Durant des années, mon sillon de vie professionnelle a été le soin, l’aide à aller mieux, à sortir de la souffrance. C’était là que je me sentais utile, attendue, reconnue. C’était facile, je savais faire et je réussissais. J’aimais mon travail, il me correspondait bien.

En évoluant dans ma vie personnelle, des changements se sont évidemment manifestés dans ma vie professionnelle. Mais il m’a fallu du temps, beaucoup de temps (ça se compte en mois, en années même), pour reconnaître ces changements. D’abord des sentiments d’insatisfaction et d’inconfort. Je tâtonnais, j’hésitais, je n’avais pas compris encore que j’avais simplement besoin de travailler autrement et de quitter les schémas appris pour aller vers mon propre modèle.

Le souci est que je ne voyais pas du tout quoi faire d’autre. Je me sentais tellement « faite pour ça » ! M’occuper de la souffrance était ma mission. 
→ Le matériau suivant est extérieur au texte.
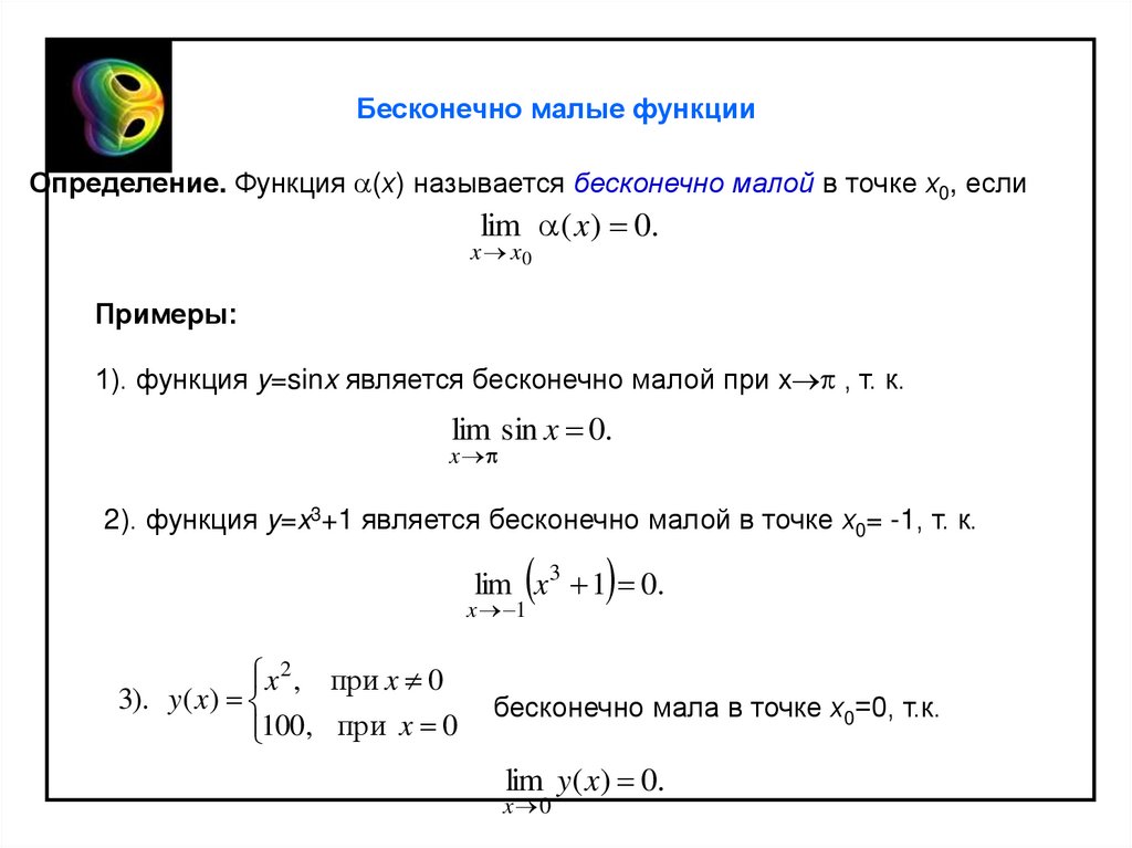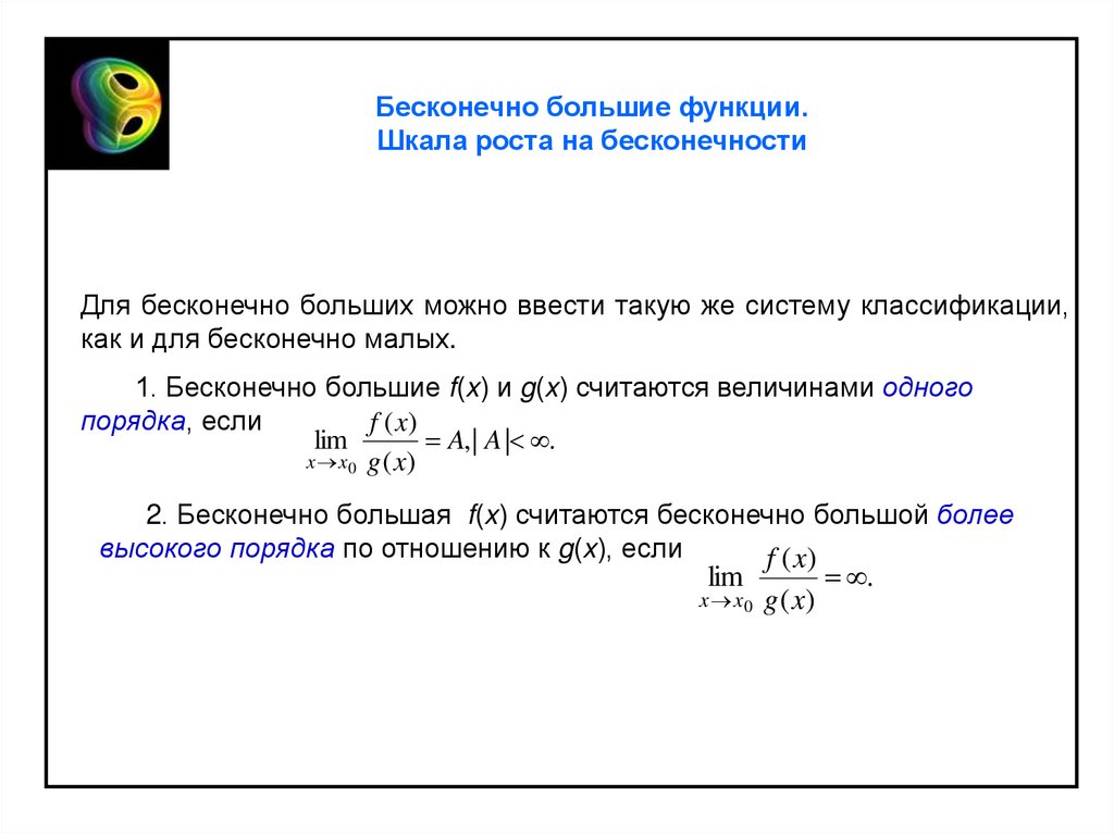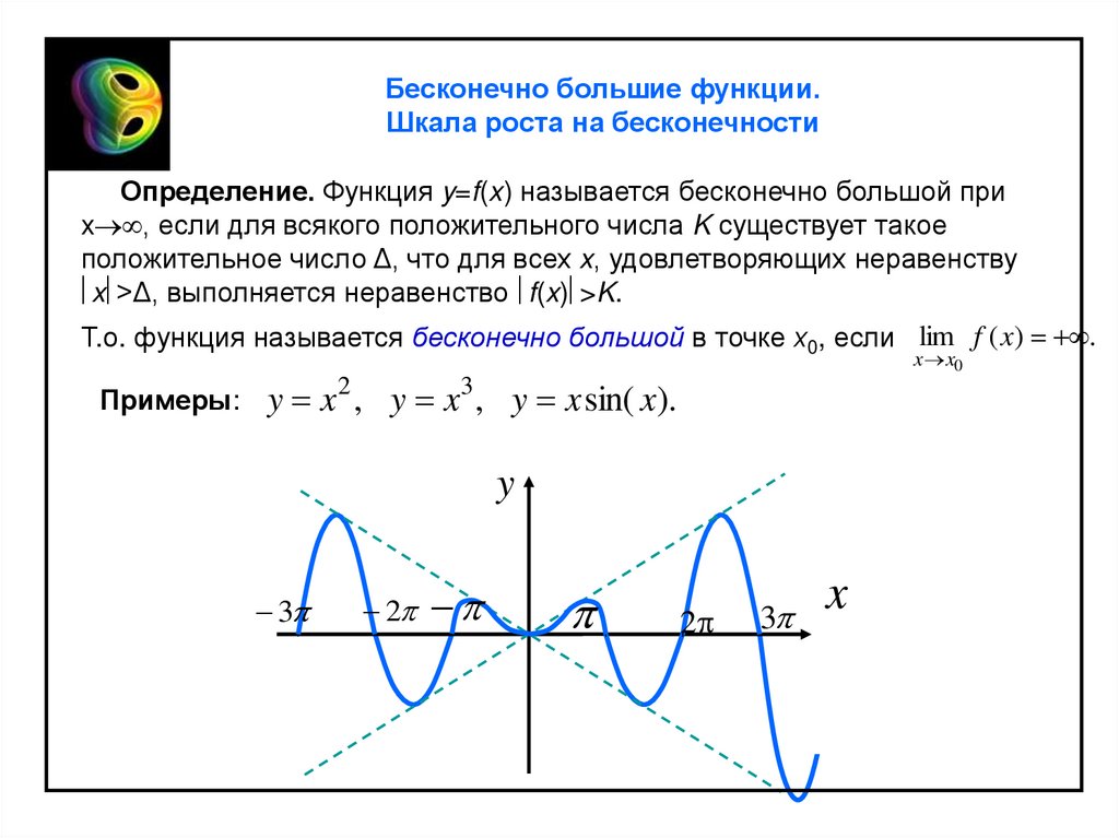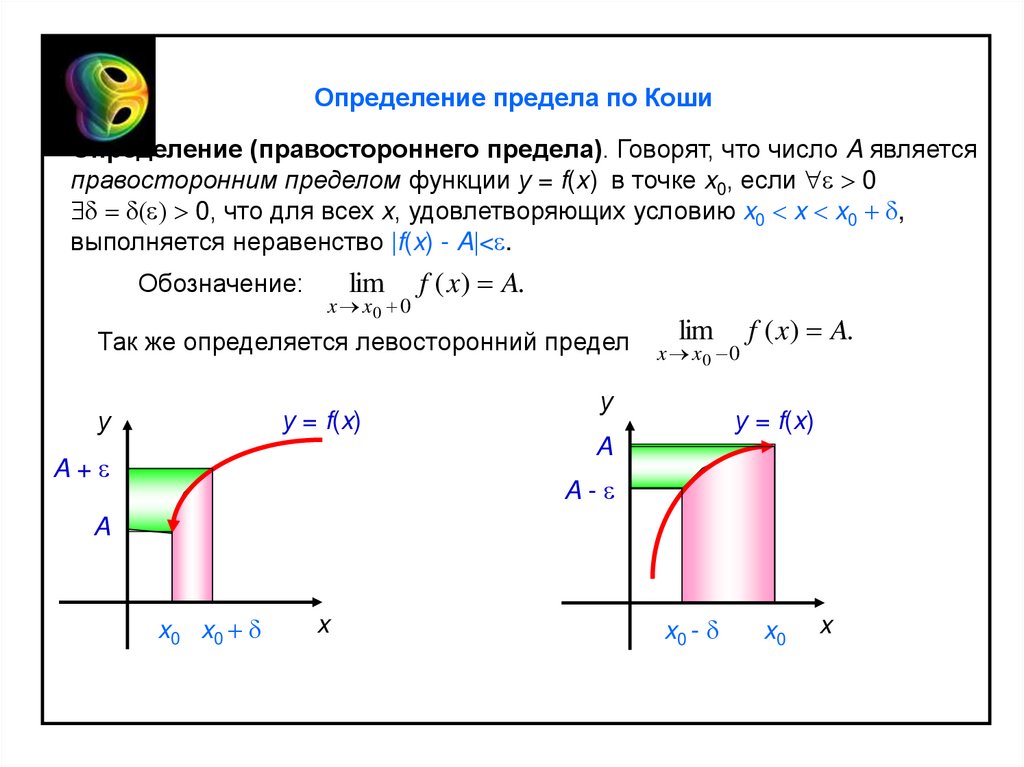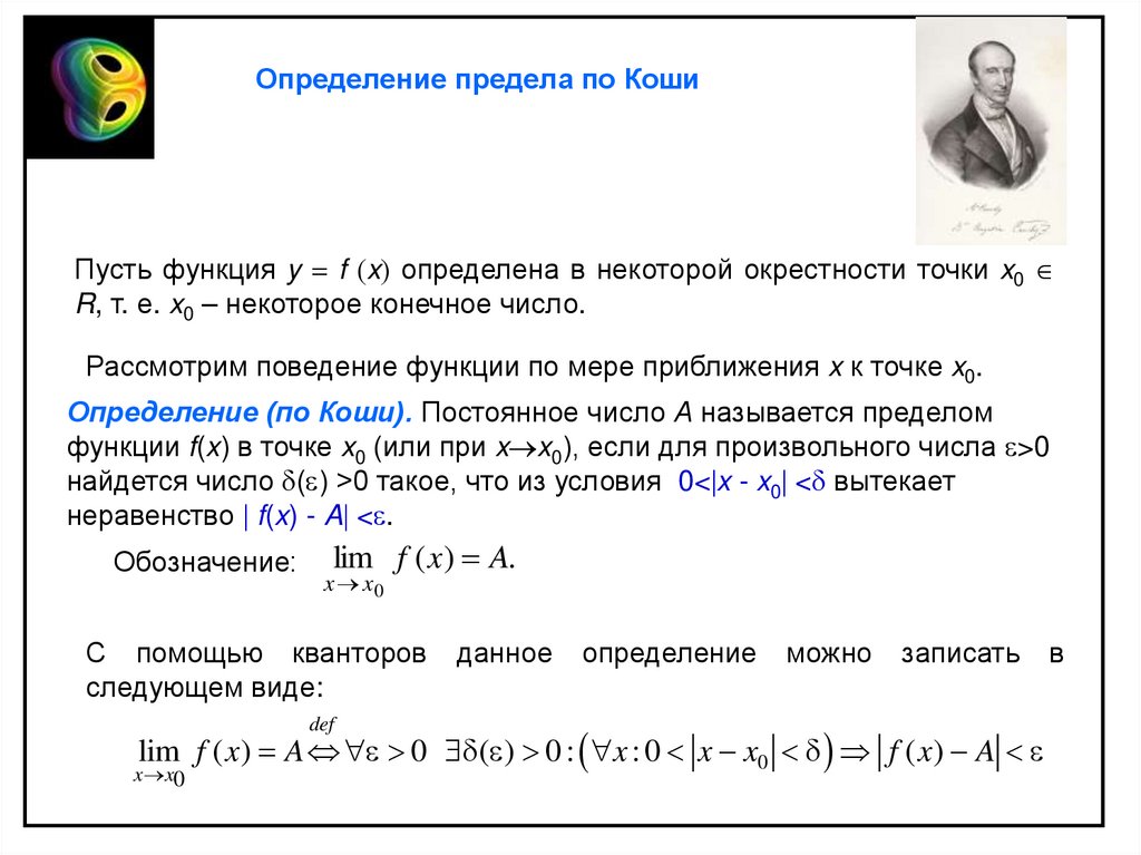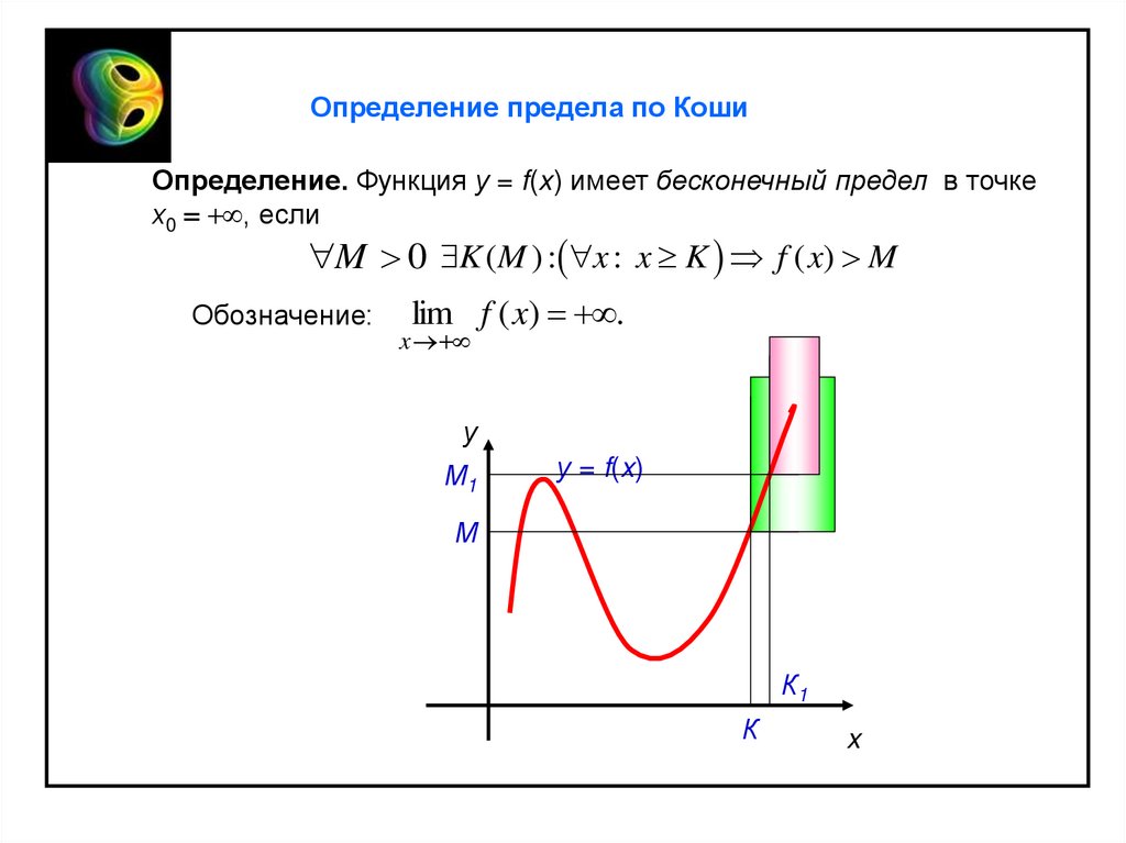 Определение предела по КошиОпределение. Функция у = f(x) имеет бесконечный предел в точке

Au gré de mes recherches, de mes errances, j’ai enfin compris que ce que j’aimais le plus n’était pas tant le traitement de la souffrance, mais l’aide à autrui pour mieux se comprendre, s’apprécier et décider pour sa vie. Et que cela ne devait pas forcément passer par le soin et encore moins par le sauvetage.

« On préfère toujours aller là où quelqu’un nous désire » (David Foenkinos). A cause de mon histoire, j’ai très longtemps cru que c’était à cet endroit du soin que j’étais désirée.

Il est temps à présent de sortir de ce sillon que je me suis tracée durant toutes ces années. J’ai compris que je peux être désirée ailleurs que dans la résolution des problèmes d’autrui. Je peux créer d’autres sillons. Mais d’abord il s’agit d’escalader la bordure de celui qui m’a été familier jusqu’à aujourd’hui.

La bordure est haute, le sillon profond. Il ressemble presque à une ornière. Je sens qu’il va me falloir un sacré coup de collier pour franchir le monticule qui me sépare du reste des possibles. Un coup de collier de légitimité, de confiance, d’audace.

Mais je sais maintenant que je peux être désirée ailleurs, dans la transmission par exemple. Devenir formatrice fait partie de ces nouveaux tracés de ma vie, avec la supervision, l’accompagnement à créer des vies qui nous ressemblent, le soutien au potentiel et aux projets de chacun.

A moi de choisir la trace, les traces que je veux faire apparaître et utiliser dans le territoire de ma vie. A moi de préférer aller là où je me désire.